Other electronic devices may also feature the integrated device 600
including, but not limited to, a group of devices (e.g., electronic
devices) that includes mobile devices, handheld personal
communication systems (PCS) units, portable data units such as
personal digital assistants, global positioning system (GPS)
enabled devices, navigation devices, set top boxes, music players,
video players, entertainment units, fixed location data units such
as meter reading equipment, communications devices, smartphones,
tablet computers, computers, wearable devices, servers, routers,
electronic devices implemented in automotive vehicles (e.g.,
autonomous vehicles), or any other device that stores or retrieves
data or computer instructions, or any combination thereof.

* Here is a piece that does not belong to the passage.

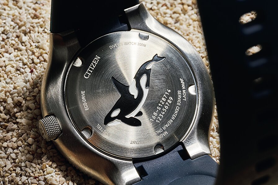 オルカ(シャチ)をモチーフにしたデザインしたモデル。流線型のケースラインやふっくらとした形状の時分針、文字盤など随所にオルカのシルエットを取り入れており、さらにバンドはオルカが水面から上がったときの背中をイメージしている。手元で常に海を感じられるほっこりデザインが愛らしい。6万6000円(シチズンお客様時計相談室 TEL0120-78-4807 https://citizen.jp)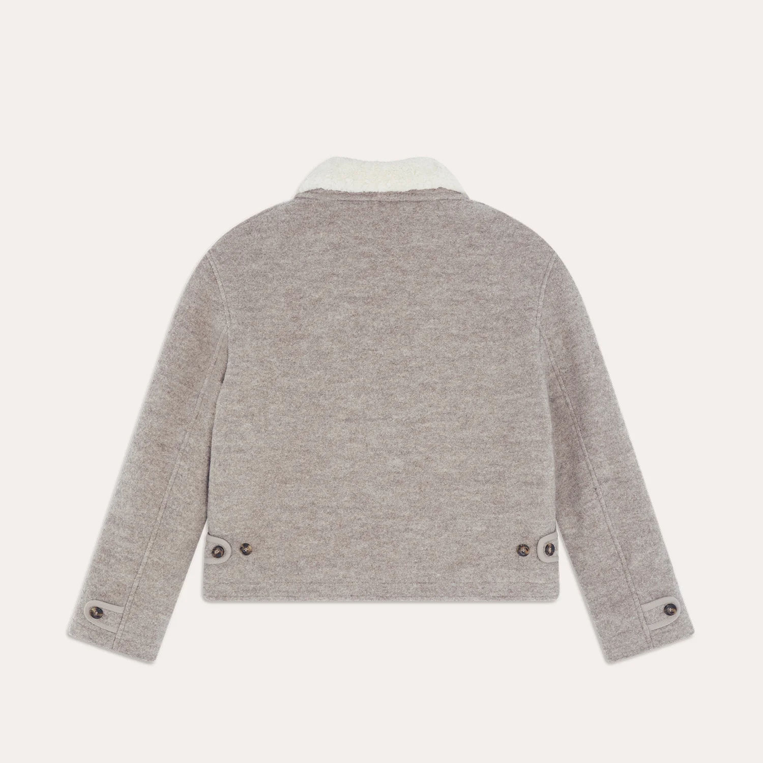 Ce blouson est inspiré par la flight jacket. Avec sa belle teinte beige chinée en laine bouillie italienne, il mettra en valeur vos tenues. Sa coupe confortable à l’épaule souple est pensée pour le layering. Avec son col en 100% laine de mouton amovible et ses bords-côtes aux manches, il est à la fois chaud et très confortable.

[0039] It will be appreciated that various aspects disclosed herein
can be described as functional equivalents to the structures,
materials and/or devices described and/or recognized by those
skilled in the art. It should furthermore be noted that methods,
and apparatus disclosed in the description or in the claims may be
implemented by a device comprising means for performing the
respective actions of this method.
[0040] For example, in one aspect, an apparatus for a matrix
operation comprises: means for storing (e.g., a memory, a register,
a cache, or similar) a first result; and means for processing
(e.g., a processor or similar) coupled to the means for storing,
the means for processing configured to: decompose a data component
into a low first component and a high first component; perform a
first matrix operation on the low first component to generate the
first result; store the first result in the means for storing;
perform a second matrix operation on the high first component to
generate a second result; and combine the first result and the
second result to generate a final result, wherein the final result
is a result of a third matrix operation on the data component. It
will be appreciated that the aforementioned aspects are merely
provided as examples and the various aspects claimed are not
limited to the specific references and/or illustrations cited as
examples.
[0041] One or more of the components, processes, features, and/or
functions illustrated in FIGS. 1-6 may be rearranged and/or
combined into a single component, process, feature or function or
incorporated in several components, processes, or functions.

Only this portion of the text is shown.